Best Nonfiction of 2012
Katherine Boo, Behind the Beautiful Forevers
It may not be sexy, but this account of life in a Mumbai slum is so immersive that reading it counts as an actual life experience, one that reveals humanity at its most wretched and gloriously resilient.
Cheryl Strayed, Wild
Strayed's memoir of hiking the unforgiving Pacific Crest Trail should be required reading for 20-somethings looking to enter real adulthood. It's like a cooler, grittier, and more honest version of Eat Pray Love.
Anthony Shadid, House of Stone
The late two-time Pulitzer-winning journalist spent a remarkable career covering bloodshed in the Middle East and giving voice to other people's stories. His extraordinary final book tells his own story, of rebuilding his crushed spirit and his great-grandfather's abandoned home in Lebanon.

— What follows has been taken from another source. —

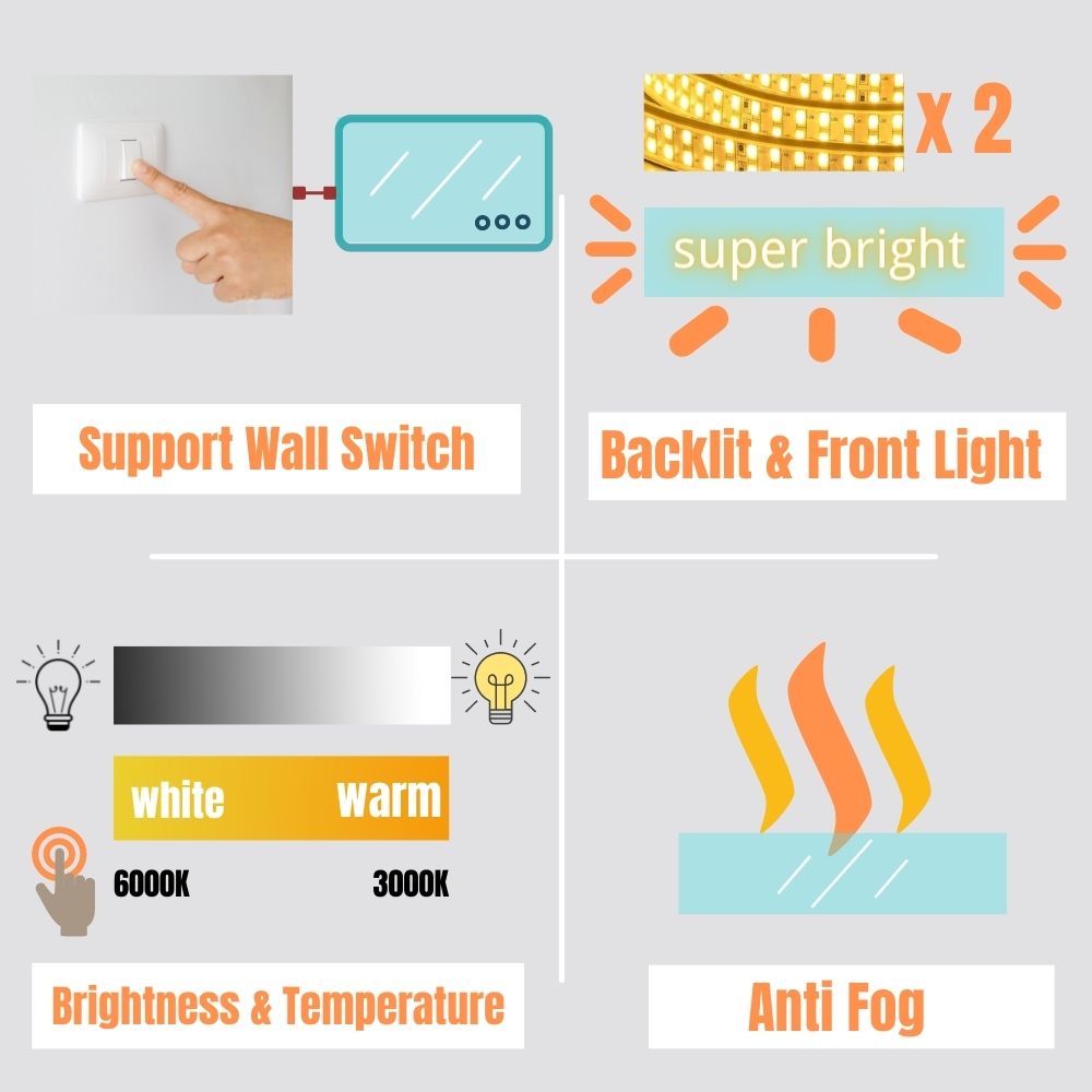 Waterproof design: this LED mirrors feature waterproof and moisture-proof backing, IP44 rate to ensure safe lighting in wet bathroom environments.

Richard Lloyd Parry, People Who Eat Darkness
An in-depth look at the short life and chilling death of a young woman living in Japan.

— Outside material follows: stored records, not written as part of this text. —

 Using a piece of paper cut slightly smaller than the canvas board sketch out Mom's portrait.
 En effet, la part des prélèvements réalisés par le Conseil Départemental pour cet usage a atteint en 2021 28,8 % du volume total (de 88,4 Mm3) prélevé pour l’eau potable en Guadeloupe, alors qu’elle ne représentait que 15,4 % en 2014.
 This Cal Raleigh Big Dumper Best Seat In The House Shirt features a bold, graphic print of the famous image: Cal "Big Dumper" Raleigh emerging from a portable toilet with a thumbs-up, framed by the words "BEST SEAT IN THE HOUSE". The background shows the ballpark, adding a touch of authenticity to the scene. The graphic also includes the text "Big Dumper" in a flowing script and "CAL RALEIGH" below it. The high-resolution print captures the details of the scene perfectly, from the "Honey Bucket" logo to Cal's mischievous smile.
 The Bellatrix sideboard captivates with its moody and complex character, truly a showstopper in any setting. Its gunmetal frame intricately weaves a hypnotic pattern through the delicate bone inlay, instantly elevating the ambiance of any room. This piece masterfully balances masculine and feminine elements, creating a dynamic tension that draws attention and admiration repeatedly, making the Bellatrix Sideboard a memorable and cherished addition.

Robert Caro, The Passage of Power
Caro's series about the life and times of Lyndon B. Johnson is like Harry Potter for serious history buffs. The much-anticipated fourth installment may be dense and lengthy, but Caro's literary prose style hurtles the narrative forward.
Jill Lepore, The Mansion of Happiness
The New Yorker writer applies her depth of knowledge and rather offbeat worldview to craft a probing, surprising, and wholly original examination of the way we view life stages from birth to death.

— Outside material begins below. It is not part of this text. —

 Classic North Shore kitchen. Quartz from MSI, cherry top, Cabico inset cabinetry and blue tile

Will Schwalbe, The End of Your Life Book Club
While it's the memoir most likely to make you ugly-cry this year, Schwalbe's unique account of coping with his beloved mother's long, ultimately losing fight with cancer avoids sentimental pitfalls by focusing on their shared love of books.
Ellen Forney, Marbles
Forney's bracingly frenetic graphic memoir uses her own bipolar disorder to explore the queasily symbiotic relationship between mood disorders and creativity, with new takes on noted ''crazy'' artists like Vincent van Gogh and Sylvia Plath.
Mark Owen, No Easy Day
What was it like to be part of the team that killed Osama bin Laden? Find out in this well-told account written by one of the SEALs who were there.
Sam Kean, The Violinist's Thumb
Genetics may have been the most boring topic in your AP Biology syllabus, but Kean's surprisingly enthralling study of DNA focuses on the human side of science, explaining why some people are better hardwired to survive nuclear bombs, excel at the violin, or become cat ladies than others.